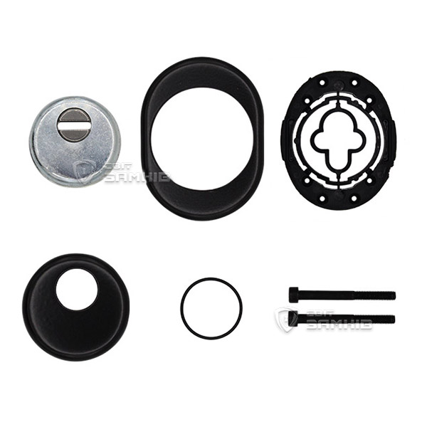 Для монтажу по діаметру протектора робиться отвір в дверному полотні. Кріпиться довкола серцевини стяжними гвинтами, створюючи монолітну конструкцію з нею. Таким чином, протектор захищає її разом із точкою кріплення в дверях від фізичних та силових методів злому — свердління, виламування та вибивання. Доступу до гвинтів кріплення немає і зірвати саму броненакладку надзвичайно складно. Висота (або товщина) її складає 25/33 мм, діаметр - 50 мм. В чорному кольорі найкраще буде доповнювати двері аналогічних відтінків для того, щоб максимально уникнути контрастів та не привертати зайвої уваги.
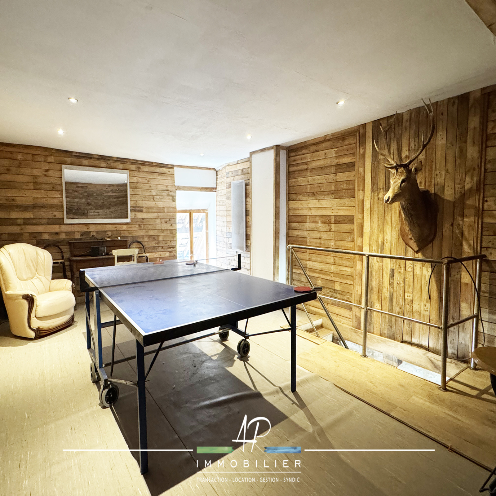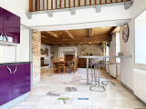 Elle se compose au rez-de-chaussée d’une pièce de vie de 60m2 avec cuisine aménagée, un salon (35m2), un séjour (35m2), une buanderie, une pièce annexe, une salle de bains, et WC séparé. A l’étage, une mezzanine, un dégagement, trois chambres et une grande pièce.
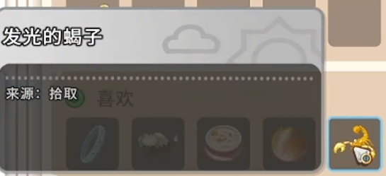 若尚未掌握相关制作配方或材料暂缺,可优先考虑野外采集类替代品。“发光的蝎子”属于地图常规掉落物,分布广泛、拾取便捷,虽归属“喜欢”而非“非常喜欢”档位,但胜在零成本、易重复获取,适合日常维系好感。相比之下,猫眼石与书籍虽同样受青睐,但获取路径较窄、资源占用较高,不建议作为主力馈赠选项。
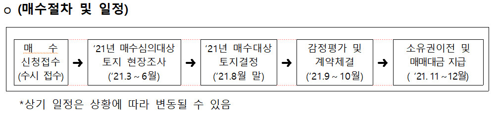 토지주택공사 LH 에서는 메년 초에 개발제한구역 토지매수 사업 공고를 하고 있다.
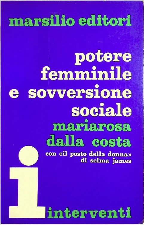The original Italian edition of Potere femminile e sovversione sociale by Mariarosa Dalla Costa, with “Il posto della donna” by Selma James, was published by Marsilio Editori in early 1972. The text is better known in its English language translation, later the same year as “The Power of Women and Subversion of the Community.” Click on the cover image or CLICK HERE to open the document in a new tab.
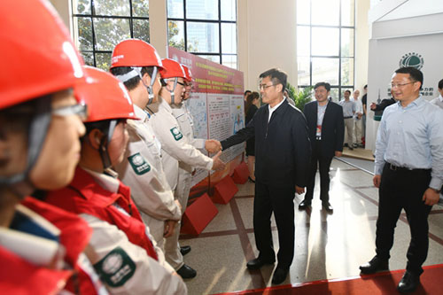5月9日下午,舒印彪一行檢查了首屆中國自主品牌博覽會(huì)國家電網(wǎng)展區(qū),并聽取了國網(wǎng)上海市電力公司關(guān)于本屆展會(huì)和中國品牌發(fā)展國際論壇的保電工作匯報(bào)。在講解員的引導(dǎo)下,舒印彪一行參觀了國家電網(wǎng)展區(qū),對(duì)展示手段、展示內(nèi)容、展品布置給予充分肯定。舒印彪還詳細(xì)聽取了國網(wǎng)上海電力從電源接入、人員安排、應(yīng)急保障等方面對(duì)保電工作所做匯報(bào),并慰問保電工作人員,感謝他們的辛勤付出。
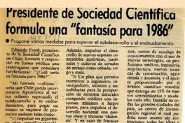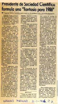Presidente de Sociedad Científica formula una "fantasía para 1986" [artículo].
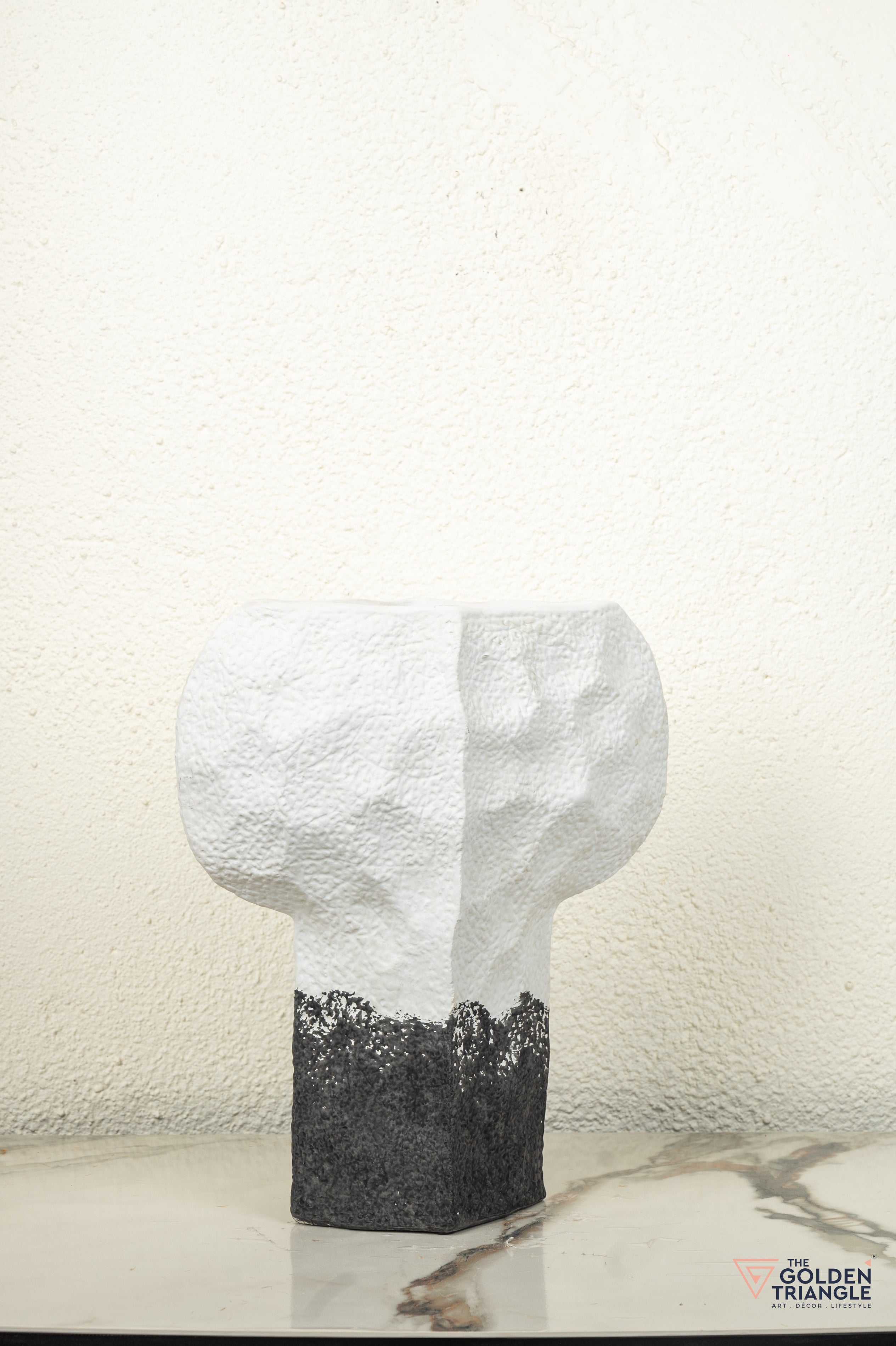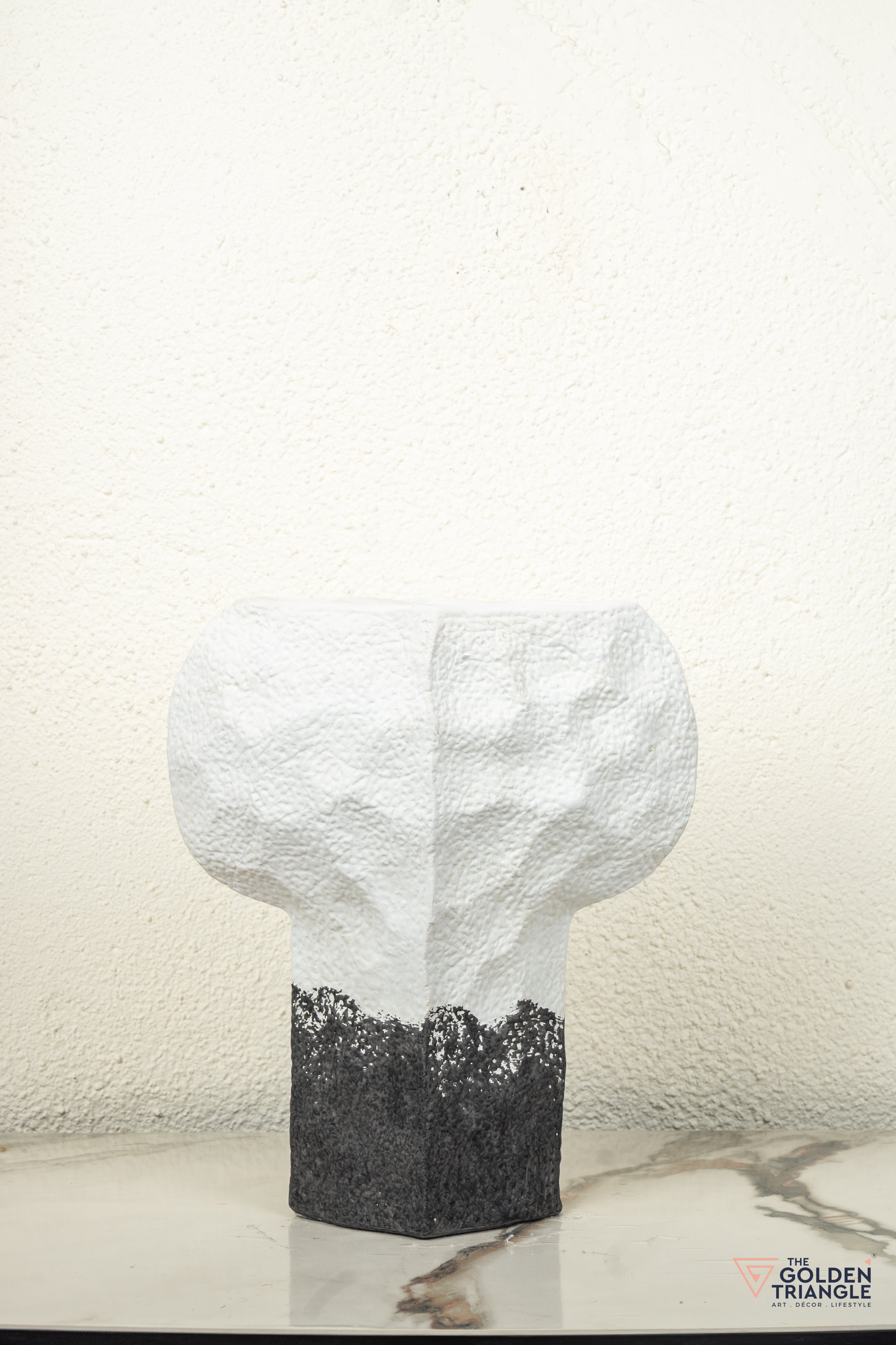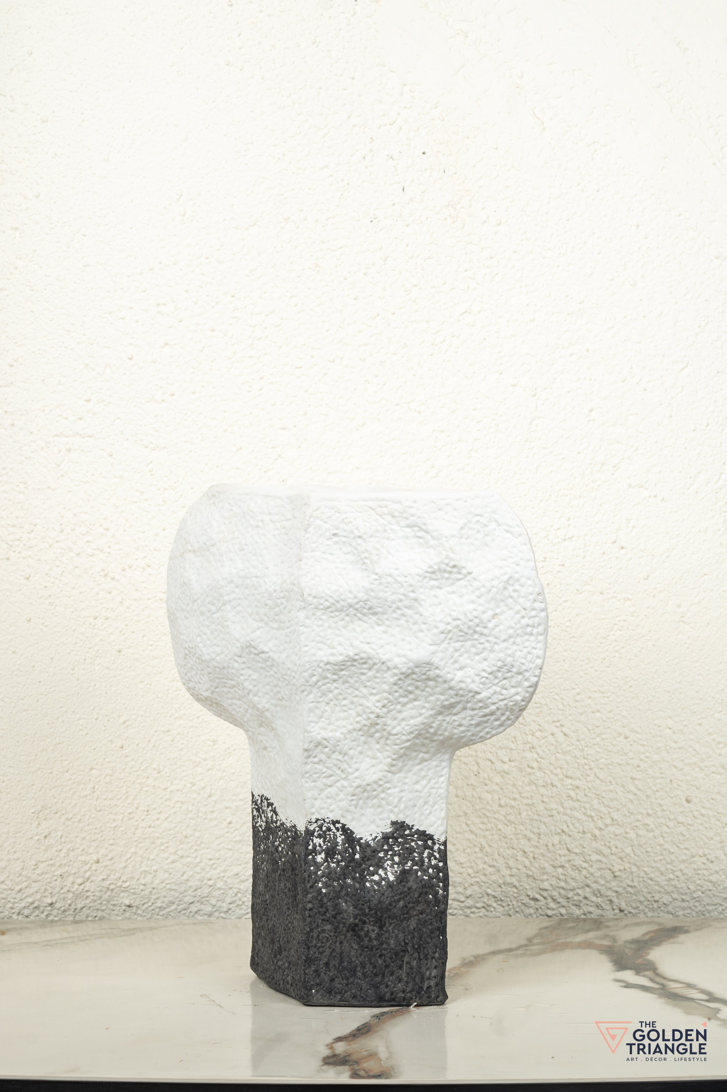 Discover the beauty of this handcrafted ceramic vase, featuring a striking contrast of smooth white and textured black. Its unique design and organic shape create a captivating focal point. Perfect for showcasing fresh flowers or as a standalone decorative piece, this versatile vase is a must-have for home decor enthusiasts seeking a one-of-a-kind statement piece.
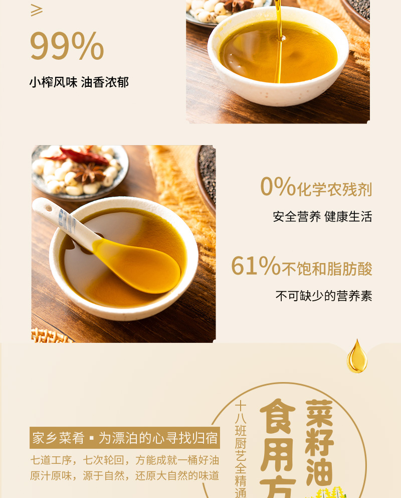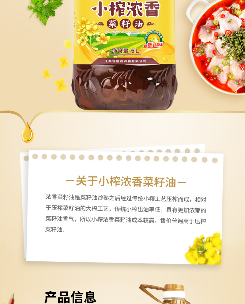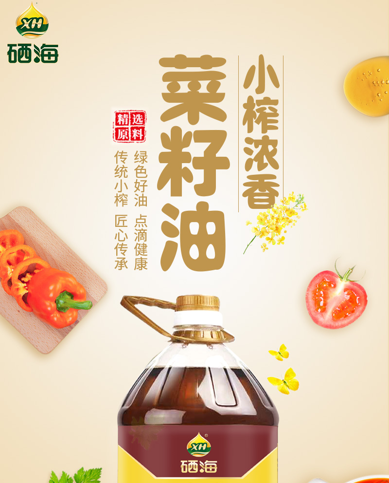 硒海小榨浓香菜籽油60度低温压榨风味十足5L*1瓶

**Work to be completed:** Would you print all the entries again exactly, minus any pictures?

**Exercise output:**
 Для монтажу по діаметру протектора робиться отвір в дверному полотні. Кріпиться довкола серцевини стяжними гвинтами, створюючи монолітну конструкцію з нею. Таким чином, протектор захищає її разом із точкою кріплення в дверях від фізичних та силових методів злому — свердління, виламування та вибивання. Доступу до гвинтів кріплення немає і зірвати саму броненакладку надзвичайно складно. Висота (або товщина) її складає 25/33 мм, діаметр - 50 мм. В чорному кольорі найкраще буде доповнювати двері аналогічних відтінків для того, щоб максимально уникнути контрастів та не привертати зайвої уваги.
 Elle se compose au rez-de-chaussée d’une pièce de vie de 60m2 avec cuisine aménagée, un salon (35m2), un séjour (35m2), une buanderie, une pièce annexe, une salle de bains, et WC séparé. A l’étage, une mezzanine, un dégagement, trois chambres et une grande pièce.
 若尚未掌握相关制作配方或材料暂缺,可优先考虑野外采集类替代品。“发光的蝎子”属于地图常规掉落物,分布广泛、拾取便捷,虽归属“喜欢”而非“非常喜欢”档位,但胜在零成本、易重复获取,适合日常维系好感。相比之下,猫眼石与书籍虽同样受青睐,但获取路径较窄、资源占用较高,不建议作为主力馈赠选项。
 토지주택공사 LH 에서는 메년 초에 개발제한구역 토지매수 사업 공고를 하고 있다.
The original Italian edition of Potere femminile e sovversione sociale by Mariarosa Dalla Costa, with “Il posto della donna” by Selma James, was published by Marsilio Editori in early 1972. The text is better known in its English language translation, later the same year as “The Power of Women and Subversion of the Community.” Click on the cover image or CLICK HERE to open the document in a new tab.
5月9日下午,舒印彪一行檢查了首屆中國自主品牌博覽會(huì)國家電網(wǎng)展區(qū),并聽取了國網(wǎng)上海市電力公司關(guān)于本屆展會(huì)和中國品牌發(fā)展國際論壇的保電工作匯報(bào)。在講解員的引導(dǎo)下,舒印彪一行參觀了國家電網(wǎng)展區(qū),對(duì)展示手段、展示內(nèi)容、展品布置給予充分肯定。舒印彪還詳細(xì)聽取了國網(wǎng)上海電力從電源接入、人員安排、應(yīng)急保障等方面對(duì)保電工作所做匯報(bào),并慰問保電工作人員,感謝他們的辛勤付出。
Presidente de Sociedad Científica formula una "fantasía para 1986" [artículo].
 Discover the beauty of this handcrafted ceramic vase, featuring a striking contrast of smooth white and textured black. Its unique design and organic shape create a captivating focal point. Perfect for showcasing fresh flowers or as a standalone decorative piece, this versatile vase is a must-have for home decor enthusiasts seeking a one-of-a-kind statement piece.
 硒海小榨浓香菜籽油60度低温压榨风味十足5L*1瓶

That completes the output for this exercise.